The intensification of heat transfer using two-phase boiling flow in mini-channels is widely used to dissipate the high heat fluxes in miniaturized electronic devices. However, the process itself is not fully recognized and still requires experimental studies and developing computation methods appropriate for them. The main aim of this work was the mathematical modeling of time-dependent heat transfer process in FC-72 flow boiling in a mini-channel heat sink with five parallel mini-channels of 1 mm depth. Channels have an asymmetrically heated wall while its outer temperature was measured by infrared thermography. The opposite wall of the mini-channels was transparent, helping to record flow patterns due to a high-speed digital camera. The objective of the numerical calculations was to determine the heat transfer coefficient on the wall-fluid contact surface from the Robin boundary condition. The problem was solved using methods based on the Trefftz-type functions. Three mathematical methods were applied in calculations: the FEM with Trefftz type basis functions, the Classical Trefftz Method, and the Hybrid Picard-Trefftz Method.
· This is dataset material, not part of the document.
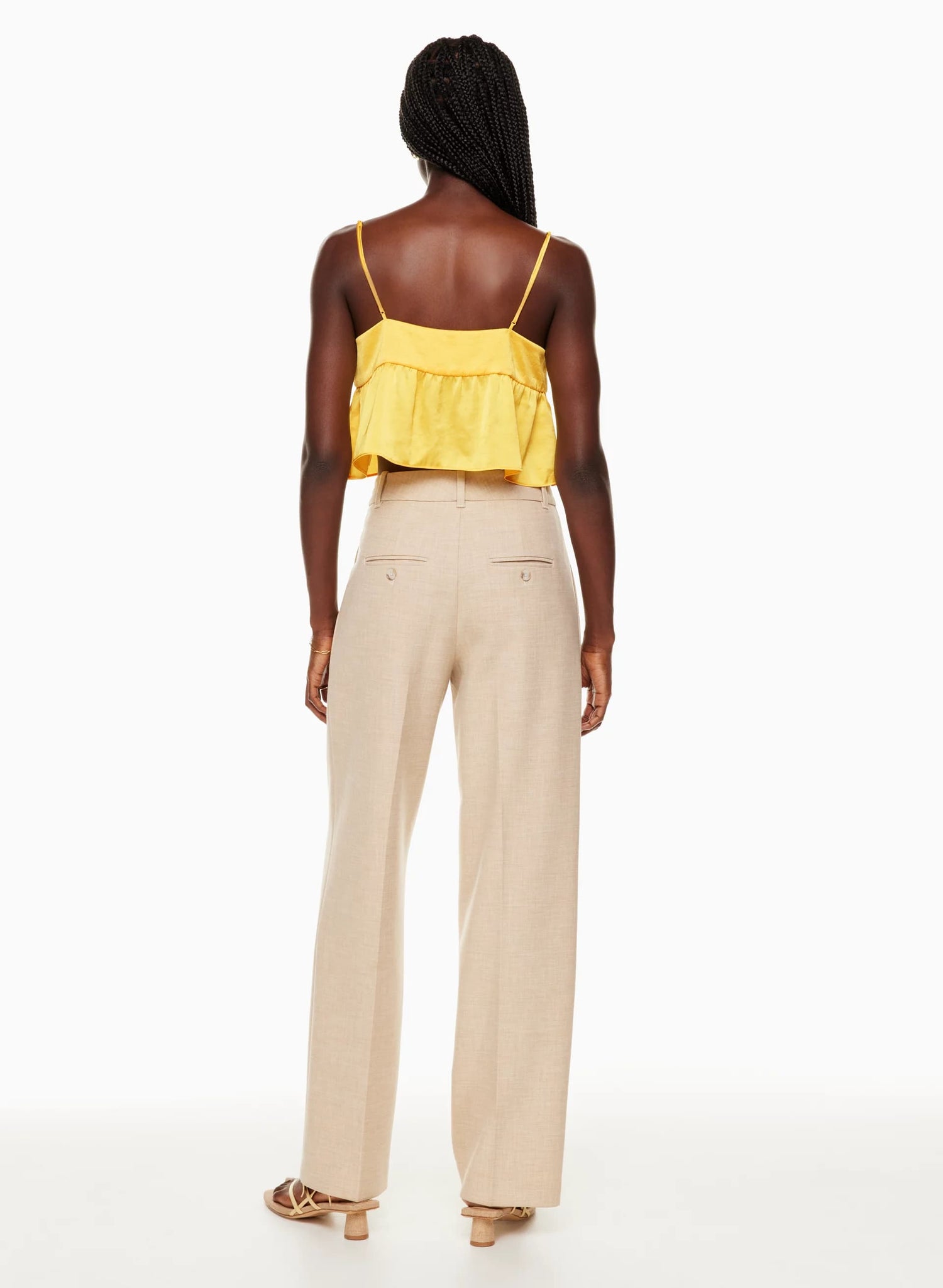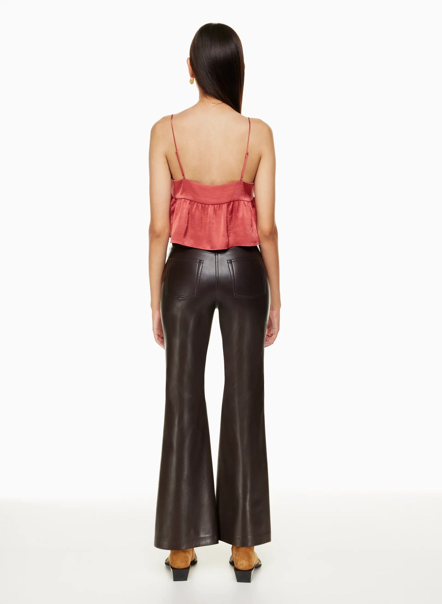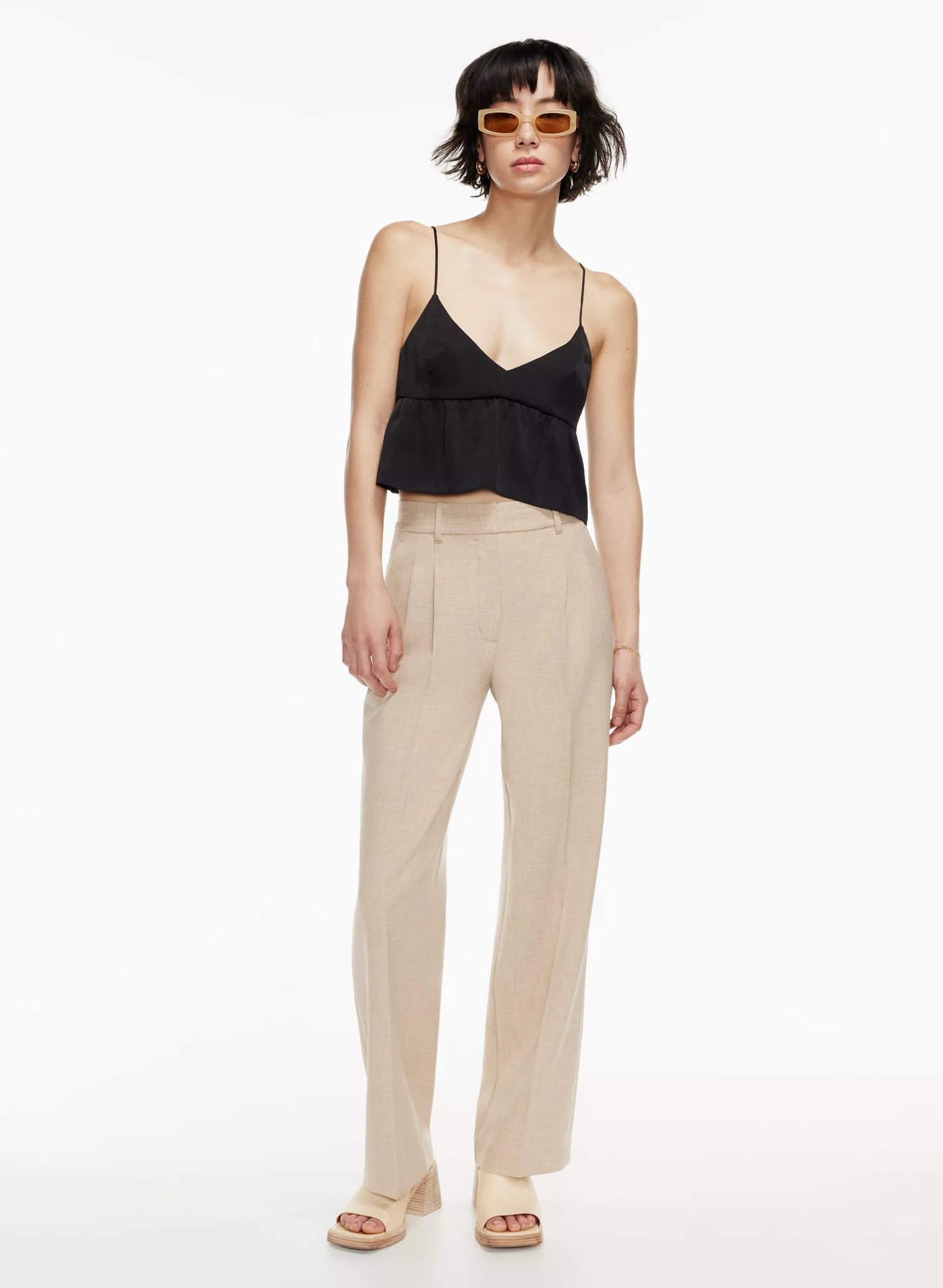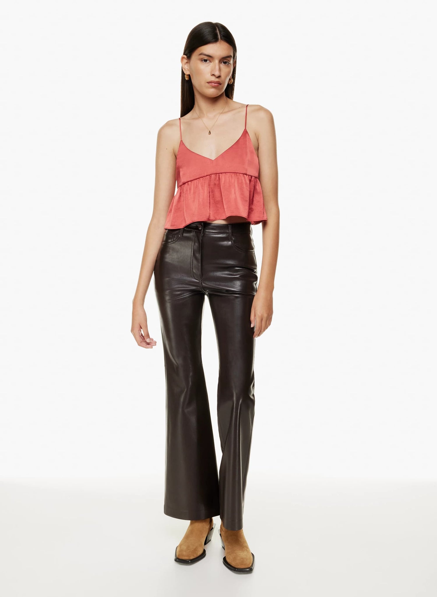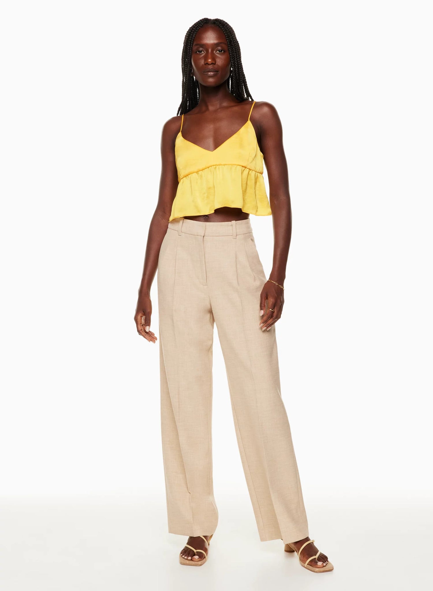 This is a strappy V-neck camisole with a flounced peplum hem and darts for shaping. It’s made from Effortless Satin™ — drapey, lightweight Japanese satin with a glossy look and feel.

The results were compared with the values of the heat transfer coefficient obtained from theoretical correlations from the literature.

Suggested Citation

  • Magdalena Piasecka & Sylwia Hożejowska & Beata Maciejewska & Anna Pawińska, 2021. "Time-Dependent Heat Transfer Calculations with Trefftz and Picard Methods for Flow Boiling in a Mini-Channel Heat Sink," Energies, MDPI, vol. 14(7), pages 1-24, March.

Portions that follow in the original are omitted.